Under this line are the records; repeat exactly the lines starting at the one containing "The owner’s stateroom" and ending at the one containing "- As per Grand", omitting pictures.

== GIVEN DATA

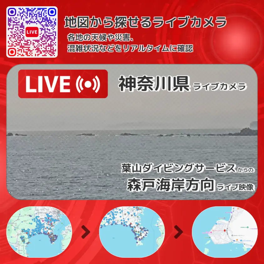 森戸海岸方向の他に、芝崎一色海岸方向や周辺の気象状況も併せてチェックすることが可能で、台風・大雨・地震などの災害による被害状況も把握することができます。
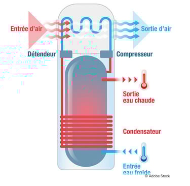 Le ballon thermodynamique utilise une pompe à chaleur pour chauffer l'eau sanitaire, offrant plusieurs avantages intéressants :
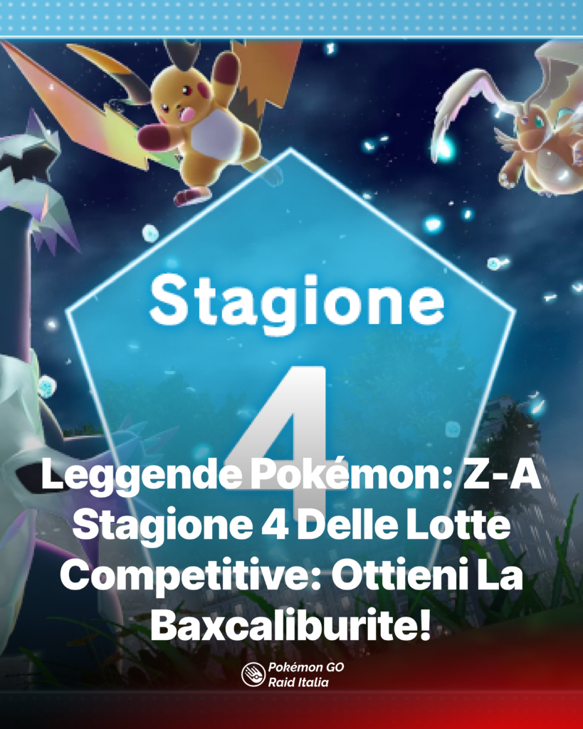 È ufficialmente iniziata la Stagione 4 delle Lotte Competitive del Club Lotta Z-A e porta con sé ricompense esclusive, tra cui una Baxcaliburite ottenibile raggiungendo il rango S. Un’occasione imperdibile per gli Allenatori che vogliono potenziare il proprio team con Megapietre rare e strumenti avanzati per l’allenamento.
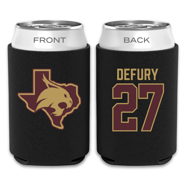 Texas State University Baseball Black Can Cooler - #27 Coy DeFury
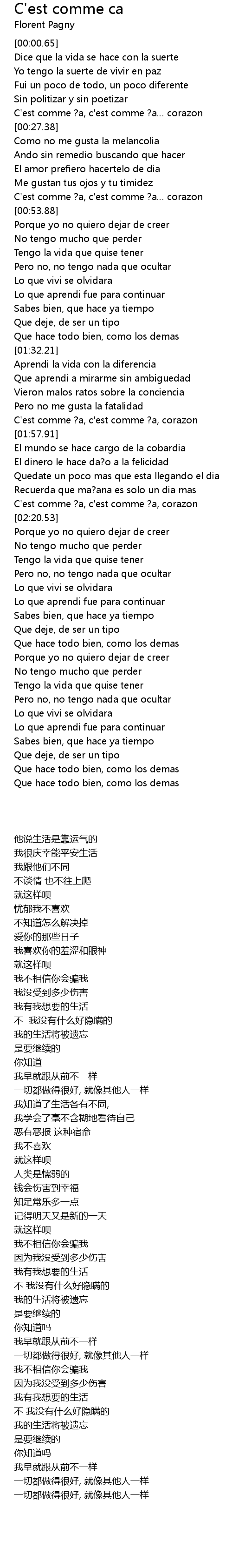 | [02:12.86] | C' est comme ? a, c' est comme ? a, corazon |
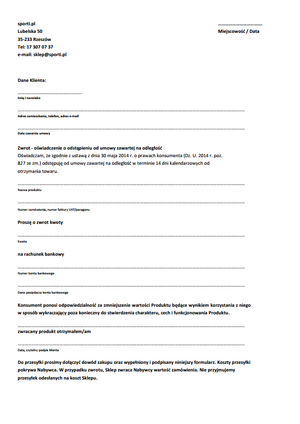Posiadając konto klienta na sporti.pl możesz wygenerować zwrot na gotowym formularzu.
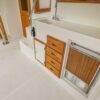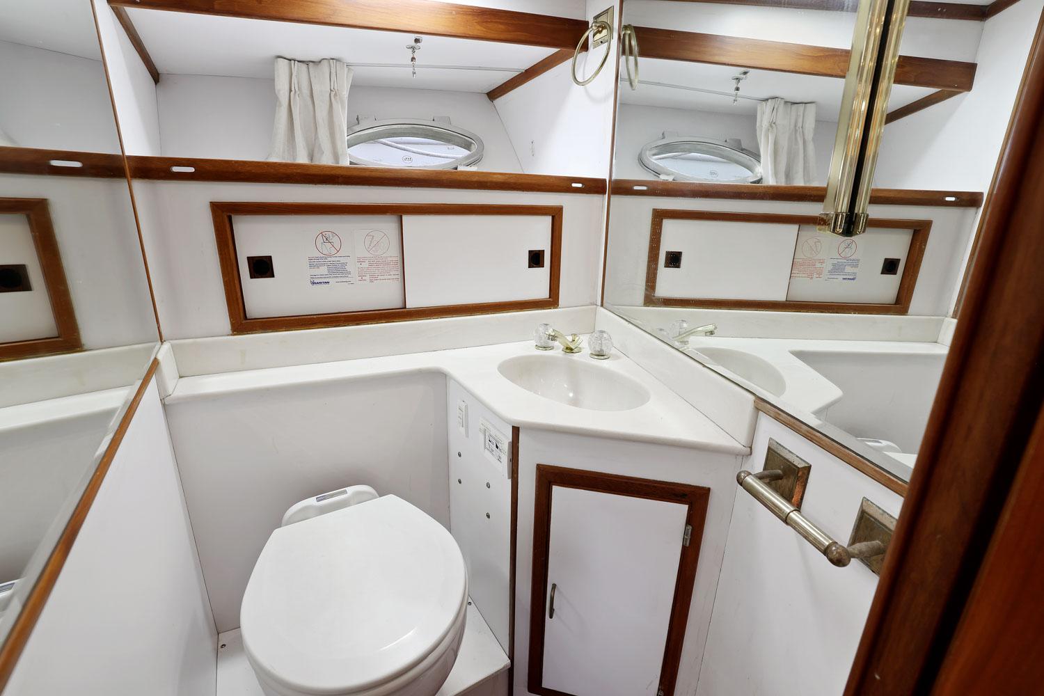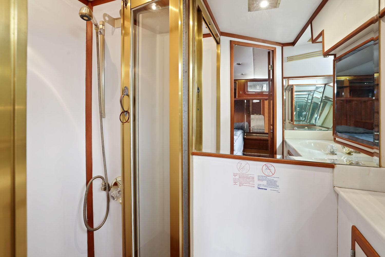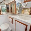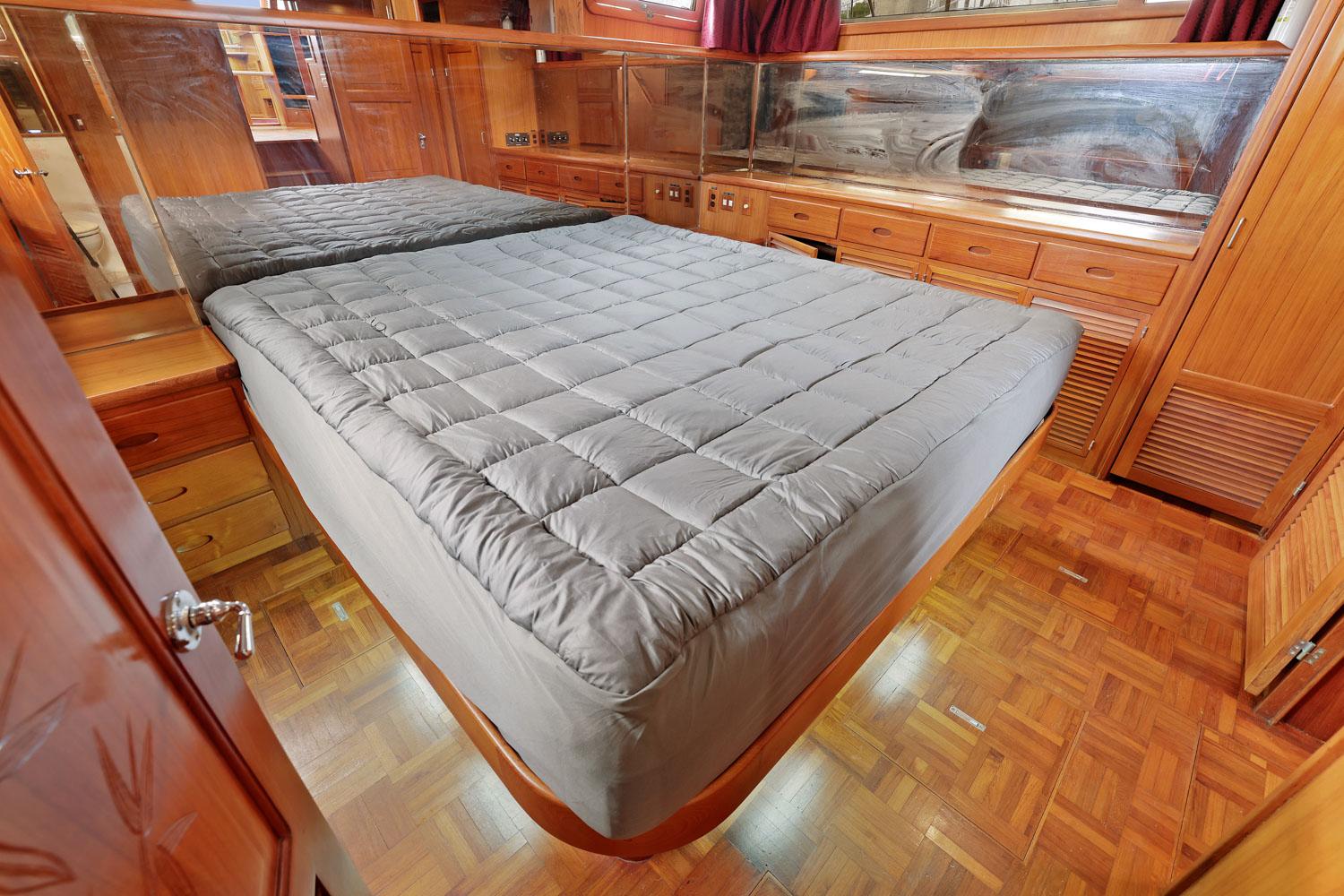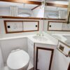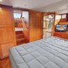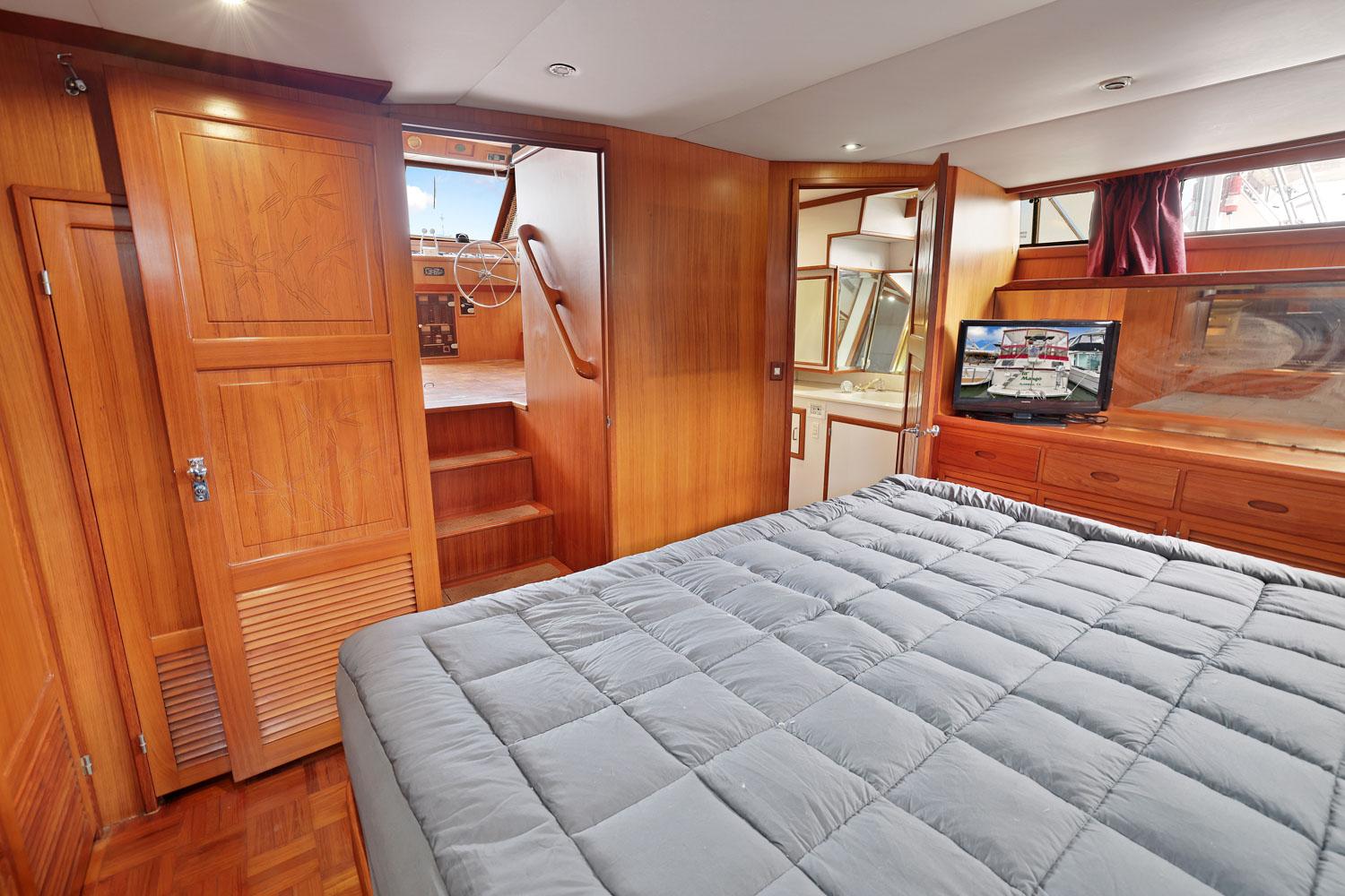 The owner’s stateroom is all the way aft. It has a queen-size bed and lots of storage drawers, closet, and cabinets. The ensuite head has a stall shower, vanity sink and electric toilet.
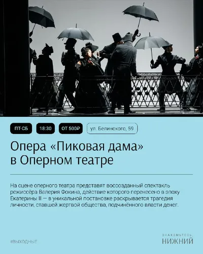 Антон Беляев во Дворце спорта, новая выставка в НГХМ и «Сороки» на Щелоковском хуторе — рассказываем, чем заняться в Нижнем с 20 по 22 марта 🔸 Опера «Пиковая дама» в Оперном театре 🔸 Лекция про ед
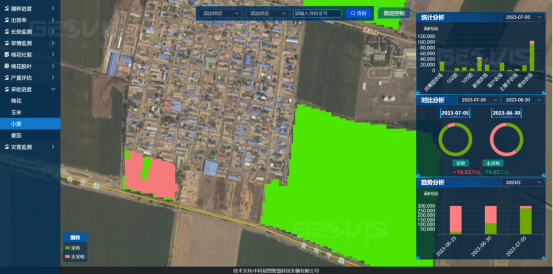星图智慧承接的现代农业产业园智慧应用“现代农业产业园”项目,监测大豆玉米带状复合种植面积达134000亩。项目不仅包括大豆生长状态监测,还包括产业园资源管理、生产与消费预警、智慧种植等方面,实现全流程的数字化、智能化,集大豆产业数据采集汇聚、管理分析、对接服务等功能于一体,打造全产业链联合体,形成以创新为主导、企业为主体、基地为依托、产学研相结合的乡村产业融合发展体系,努力打造乡村振兴、产业兴旺的齐鲁样板。
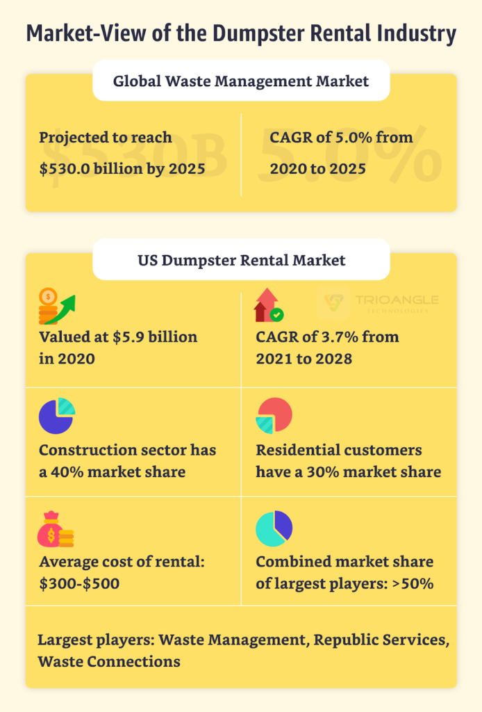 - As per Grand View Research, in the US, the dumpster rental market size was valued at $5.9 billion in 2020 and is expected to grow at a CAGR of 3.7% from 2021 to 2028.
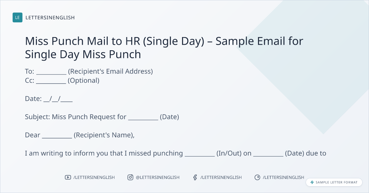 Miss Punch Mail to HR (Single Day) – Sample Email for Single Day Miss Punch
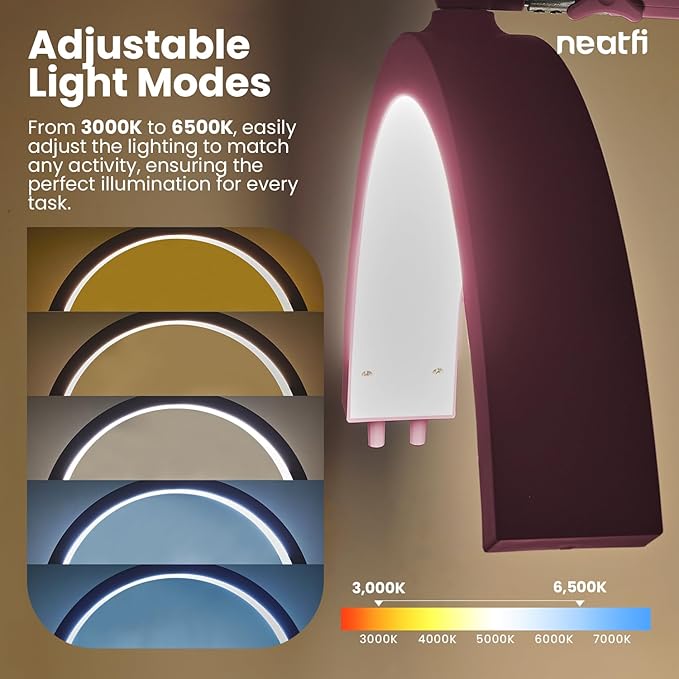 Neatfi Half Moon Swing Arm Table Lamp, 2500 Lumens, CCT Dimming, 5 Light Modes, Professional LED Lighting for Estheticians, Ideal for Nail Art, Facials, and Tattoos (with Base and Clamp, Pink)
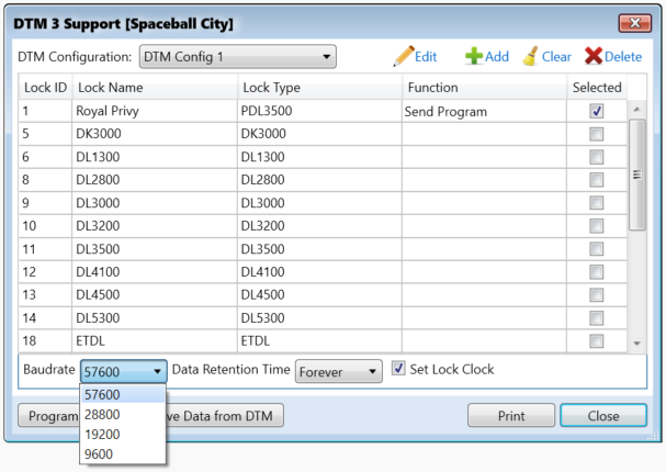 For the selected door lock, add a check the checkbox in the Selected column, then select the Program DTM button to send the current AL-DTM3 configuration data (Baudrate, selected Lock ID and Functions, etc.) to the AL-DTM3. Then use the AL-DTM3 to communicate with the lock as usual (ensure the AL-DTM3 is in PC COMM mode, then select Program DTM).
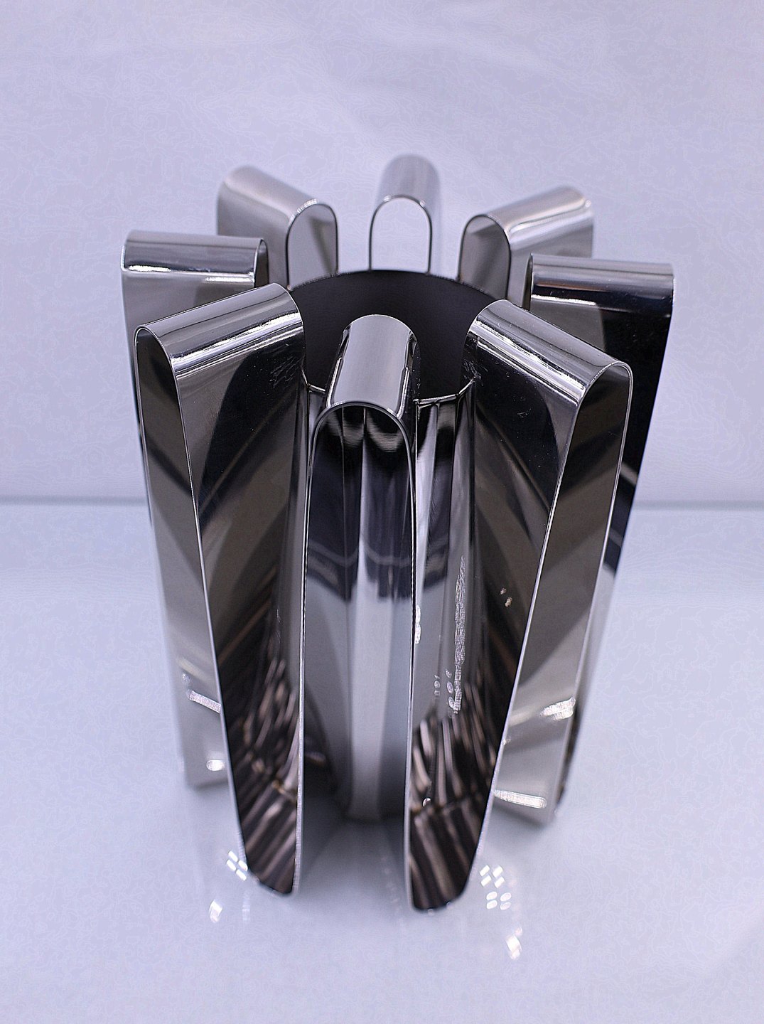 Georg Jensen. Stor vase i Frequency kollektionen udført i glaspoleret rustfrit stål, der er valset i 8 smukt bølgende bånd. Design år 2018, lanceret 2019. Vasen er uden ridser og andre brugsspor

====

• [ANSWER FOR THIS EXERCISE]
 The owner’s stateroom is all the way aft. It has a queen-size bed and lots of storage drawers, closet, and cabinets. The ensuite head has a stall shower, vanity sink and electric toilet.
 Антон Беляев во Дворце спорта, новая выставка в НГХМ и «Сороки» на Щелоковском хуторе — рассказываем, чем заняться в Нижнем с 20 по 22 марта 🔸 Опера «Пиковая дама» в Оперном театре 🔸 Лекция про ед
星图智慧承接的现代农业产业园智慧应用“现代农业产业园”项目,监测大豆玉米带状复合种植面积达134000亩。项目不仅包括大豆生长状态监测,还包括产业园资源管理、生产与消费预警、智慧种植等方面,实现全流程的数字化、智能化,集大豆产业数据采集汇聚、管理分析、对接服务等功能于一体,打造全产业链联合体,形成以创新为主导、企业为主体、基地为依托、产学研相结合的乡村产业融合发展体系,努力打造乡村振兴、产业兴旺的齐鲁样板。
 - As per Grand View Research, in the US, the dumpster rental market size was valued at $5.9 billion in 2020 and is expected to grow at a CAGR of 3.7% from 2021 to 2028.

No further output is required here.